The Reserve Bank of Australia released its minutes of the August 7, 2012 meeting on Tuesday morning. This release was highly anticipated by Aussie traders as the minutes could perhaps give some insight as to which way the board may be leaning as far as monetary policy.
As usual, the RBA minutes proved to be the most interesting as the central bank focuses so heavily on the export markets. The commodity rich country can often be thought of as a great barometer for Asian economic health, which in turn can be a great barometer of international growth.
The minutes stated that the members were briefed that the IMF global growth forecasts had been downgraded to 3.5 percent for 2012, and 3.9 percent for 2013, both of which were substantially lower than previously forecasted.
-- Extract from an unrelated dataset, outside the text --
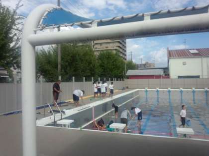 8月29日から各学年の水泳大会が行われます。水泳大会に備えてプールの掃除をしています。女子バスケットボール部とテニス部が手伝ってくれました。
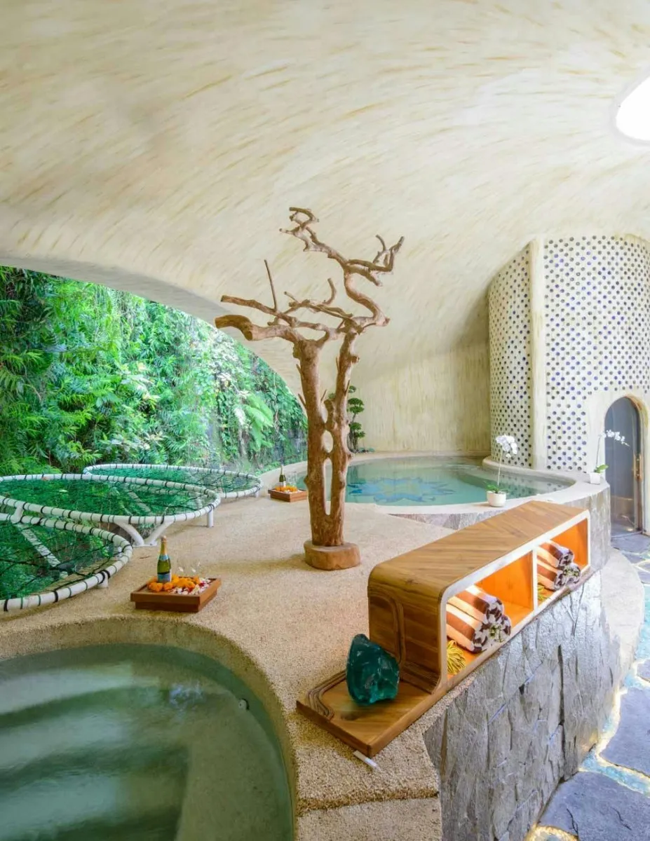 - 2 открытых инфинити-бассейна с морской водой: двухуровневый с водопадом, «джунглевый» с видом на реку Уламан

The forecast for Australia’s largest trading partners in Asia was still expected to be a full percentage point over the global expectations though. This IMF also stated that the larger risk was to the downside globally.
Members of the RBA stated that they saw the Chinese economy settling into a more sustainable rate of growth, and because of this a rate cut seemed unlikely in Australia at this point. The United States slowed a bit, and the Australians are certainly aware of this. The Europeans are still struggling, and as a result it is unlikely that the growth in Australia will warrant any monetary tightening in the near future.
However, with the Asian economies counterbalancing the weakness in other markets, the central bank looks set to sit still in the near term.